• _Task objective_: Would you restate the full listing word for word and omit its pictures?

• _Raw data_:

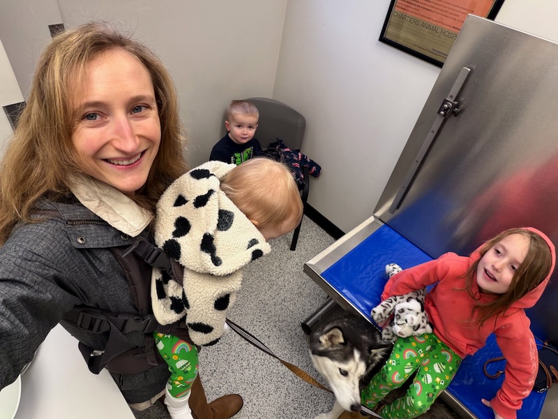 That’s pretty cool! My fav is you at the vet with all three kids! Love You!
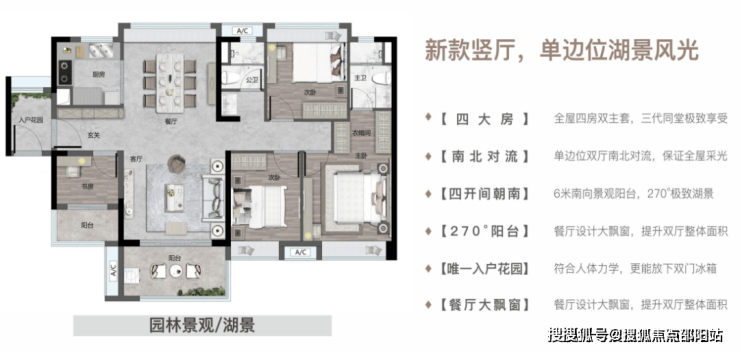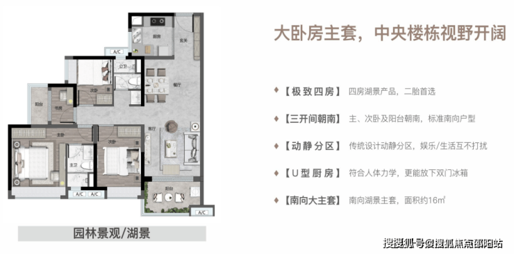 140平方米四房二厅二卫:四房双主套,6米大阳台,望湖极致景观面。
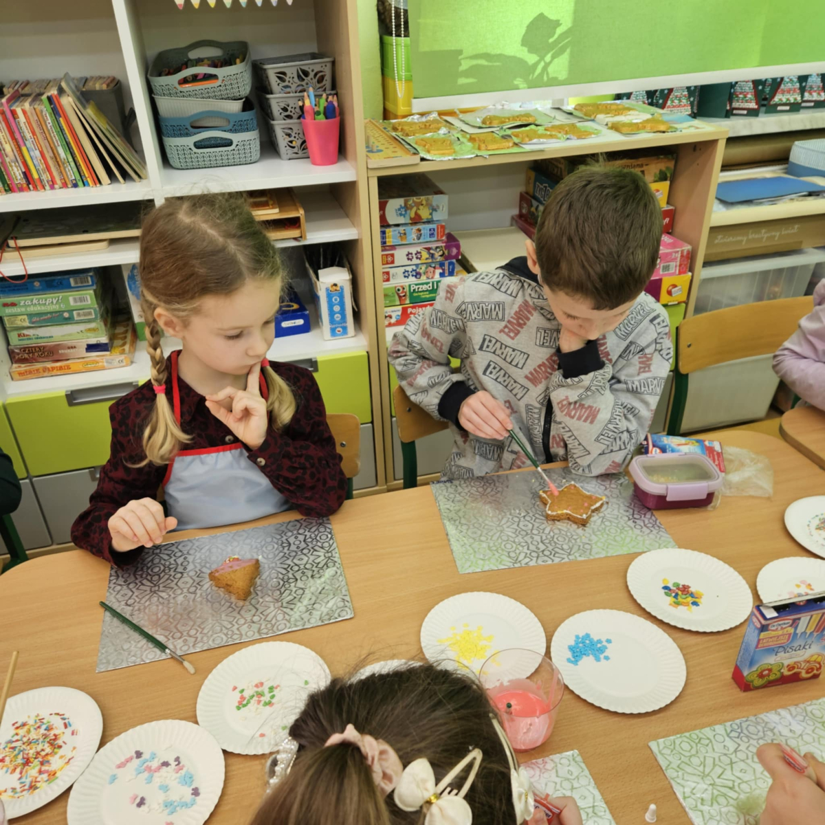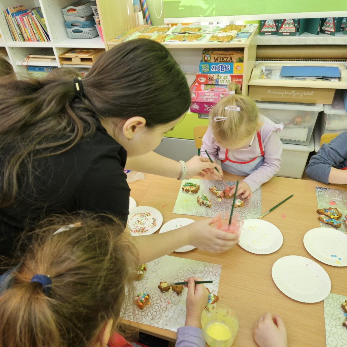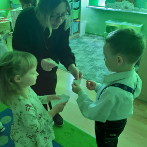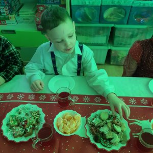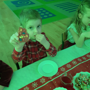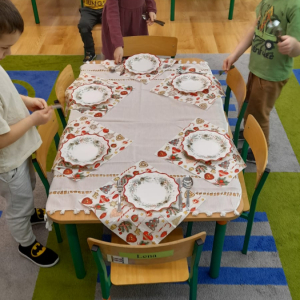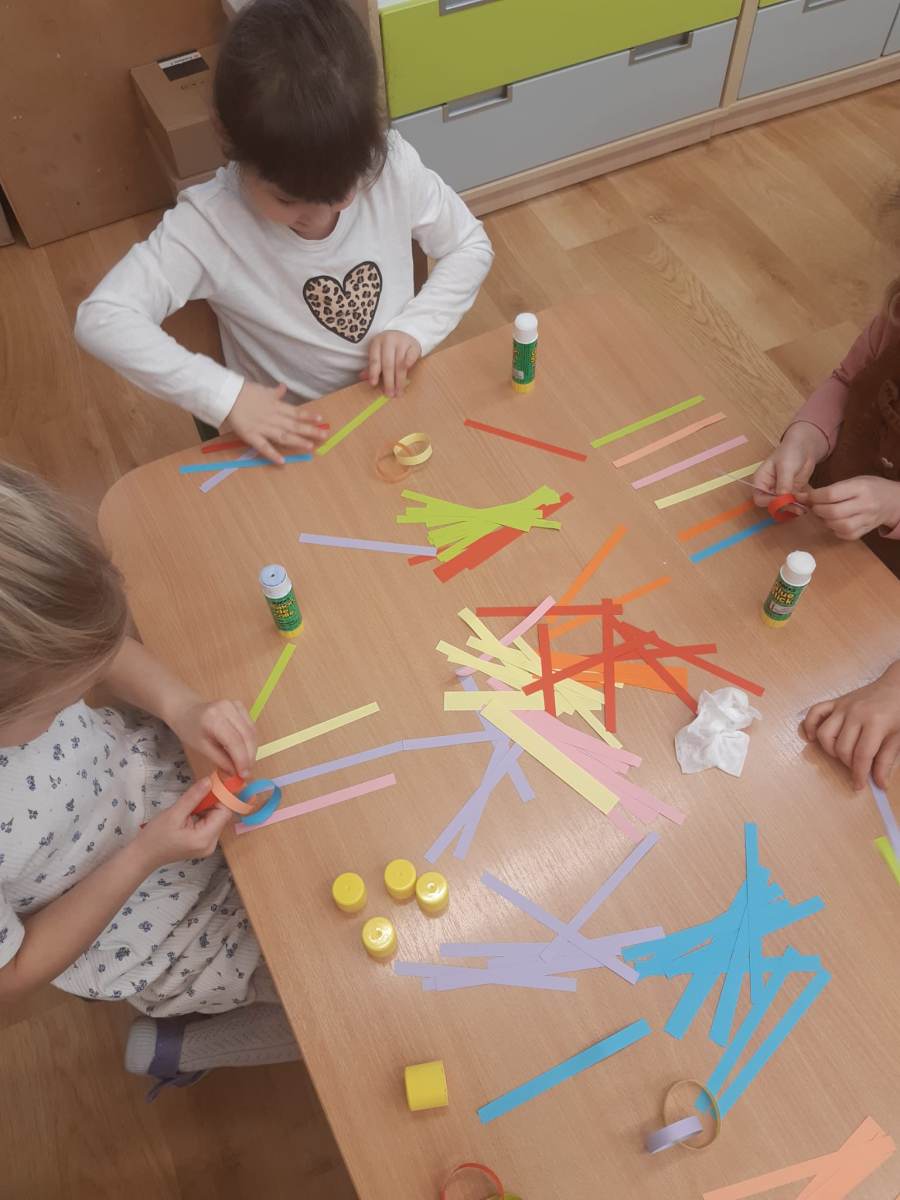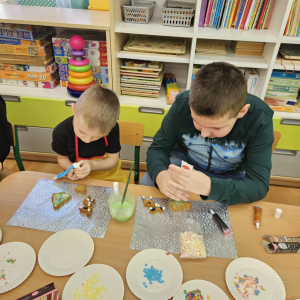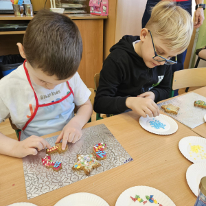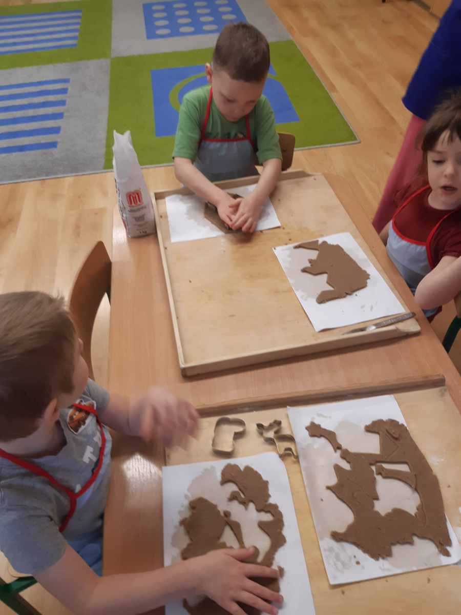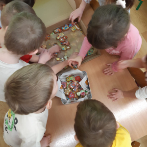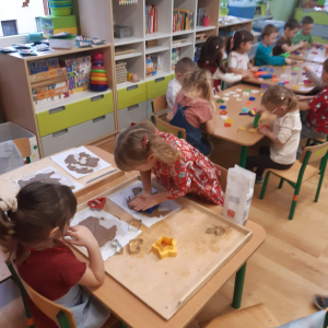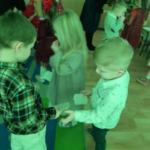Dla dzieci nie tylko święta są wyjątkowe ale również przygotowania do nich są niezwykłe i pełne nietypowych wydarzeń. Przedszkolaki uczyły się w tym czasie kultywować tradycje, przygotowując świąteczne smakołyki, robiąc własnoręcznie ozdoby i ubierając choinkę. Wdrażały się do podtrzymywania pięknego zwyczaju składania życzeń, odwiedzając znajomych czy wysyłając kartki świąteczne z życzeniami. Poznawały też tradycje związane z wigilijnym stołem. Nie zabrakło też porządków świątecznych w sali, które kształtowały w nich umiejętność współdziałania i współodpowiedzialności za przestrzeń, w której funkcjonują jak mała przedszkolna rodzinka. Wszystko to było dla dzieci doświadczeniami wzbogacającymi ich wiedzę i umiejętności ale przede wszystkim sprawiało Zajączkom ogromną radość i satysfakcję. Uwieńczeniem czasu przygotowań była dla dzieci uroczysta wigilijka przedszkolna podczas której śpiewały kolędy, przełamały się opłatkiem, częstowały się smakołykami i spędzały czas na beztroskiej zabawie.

• _Answer to the problem_:
 That’s pretty cool! My fav is you at the vet with all three kids! Love You!
 140平方米四房二厅二卫:四房双主套,6米大阳台,望湖极致景观面。
Dla dzieci nie tylko święta są wyjątkowe ale również przygotowania do nich są niezwykłe i pełne nietypowych wydarzeń. Przedszkolaki uczyły się w tym czasie kultywować tradycje, przygotowując świąteczne smakołyki, robiąc własnoręcznie ozdoby i ubierając choinkę. Wdrażały się do podtrzymywania pięknego zwyczaju składania życzeń, odwiedzając znajomych czy wysyłając kartki świąteczne z życzeniami. Poznawały też tradycje związane z wigilijnym stołem. Nie zabrakło też porządków świątecznych w sali, które kształtowały w nich umiejętność współdziałania i współodpowiedzialności za przestrzeń, w której funkcjonują jak mała przedszkolna rodzinka. Wszystko to było dla dzieci doświadczeniami wzbogacającymi ich wiedzę i umiejętności ale przede wszystkim sprawiało Zajączkom ogromną radość i satysfakcję. Uwieńczeniem czasu przygotowań była dla dzieci uroczysta wigilijka przedszkolna podczas której śpiewały kolędy, przełamały się opłatkiem, częstowały się smakołykami i spędzały czas na beztroskiej zabawie.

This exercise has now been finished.